Start of Block

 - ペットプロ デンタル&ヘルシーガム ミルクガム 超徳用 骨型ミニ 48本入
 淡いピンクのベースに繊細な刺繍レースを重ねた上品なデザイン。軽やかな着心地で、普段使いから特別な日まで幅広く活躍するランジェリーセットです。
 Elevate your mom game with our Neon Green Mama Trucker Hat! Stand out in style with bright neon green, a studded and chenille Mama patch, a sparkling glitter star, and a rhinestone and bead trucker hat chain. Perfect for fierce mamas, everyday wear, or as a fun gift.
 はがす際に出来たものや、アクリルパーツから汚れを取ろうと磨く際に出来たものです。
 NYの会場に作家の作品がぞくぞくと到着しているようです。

End of Block
Start of Block

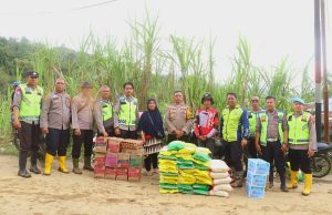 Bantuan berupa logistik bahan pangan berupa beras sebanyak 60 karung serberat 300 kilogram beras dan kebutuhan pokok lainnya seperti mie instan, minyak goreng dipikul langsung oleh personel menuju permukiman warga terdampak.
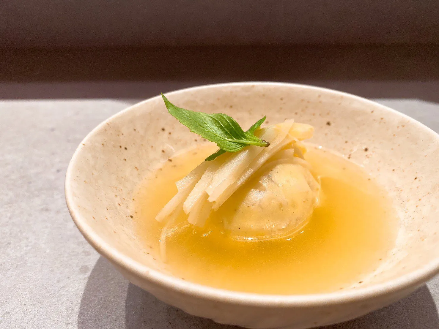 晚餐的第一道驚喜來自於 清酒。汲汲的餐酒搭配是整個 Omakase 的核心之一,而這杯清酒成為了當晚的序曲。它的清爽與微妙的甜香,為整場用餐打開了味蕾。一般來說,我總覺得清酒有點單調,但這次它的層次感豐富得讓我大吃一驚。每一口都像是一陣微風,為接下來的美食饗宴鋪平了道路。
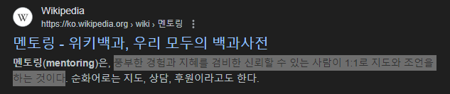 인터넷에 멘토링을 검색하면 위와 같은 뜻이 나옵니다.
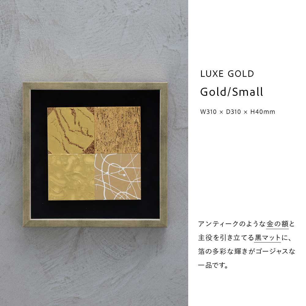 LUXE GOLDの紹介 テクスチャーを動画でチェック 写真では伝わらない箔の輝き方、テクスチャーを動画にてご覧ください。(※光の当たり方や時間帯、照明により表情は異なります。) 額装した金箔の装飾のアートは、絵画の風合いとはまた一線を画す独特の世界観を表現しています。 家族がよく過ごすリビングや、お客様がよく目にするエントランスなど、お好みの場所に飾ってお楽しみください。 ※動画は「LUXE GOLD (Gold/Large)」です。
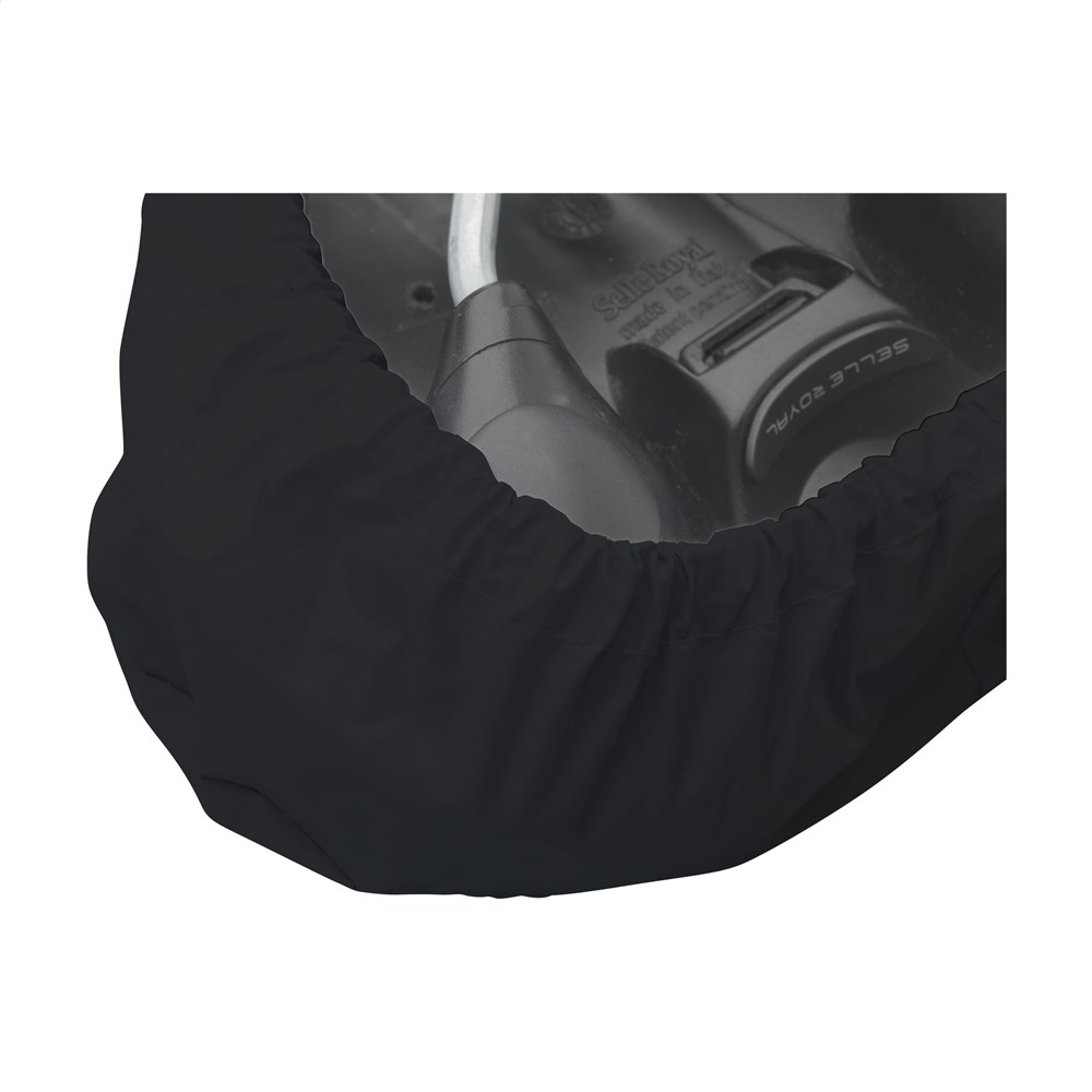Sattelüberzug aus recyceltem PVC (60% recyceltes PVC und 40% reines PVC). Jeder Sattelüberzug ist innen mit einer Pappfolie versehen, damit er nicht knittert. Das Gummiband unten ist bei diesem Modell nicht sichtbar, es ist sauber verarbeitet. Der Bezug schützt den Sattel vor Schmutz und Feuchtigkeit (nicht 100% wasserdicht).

End of Block

(Work instructions) Please transcribe exactly the lines above from the line that has "淡いピンクのベースに繊細な刺" up to and including the line that has "NYの会場に作家の作品がぞくぞくと到着しているようです。"; no other line belongs in the answer.

(Answer box)
 淡いピンクのベースに繊細な刺繍レースを重ねた上品なデザイン。軽やかな着心地で、普段使いから特別な日まで幅広く活躍するランジェリーセットです。
 Elevate your mom game with our Neon Green Mama Trucker Hat! Stand out in style with bright neon green, a studded and chenille Mama patch, a sparkling glitter star, and a rhinestone and bead trucker hat chain. Perfect for fierce mamas, everyday wear, or as a fun gift.
 はがす際に出来たものや、アクリルパーツから汚れを取ろうと磨く際に出来たものです。
 NYの会場に作家の作品がぞくぞくと到着しているようです。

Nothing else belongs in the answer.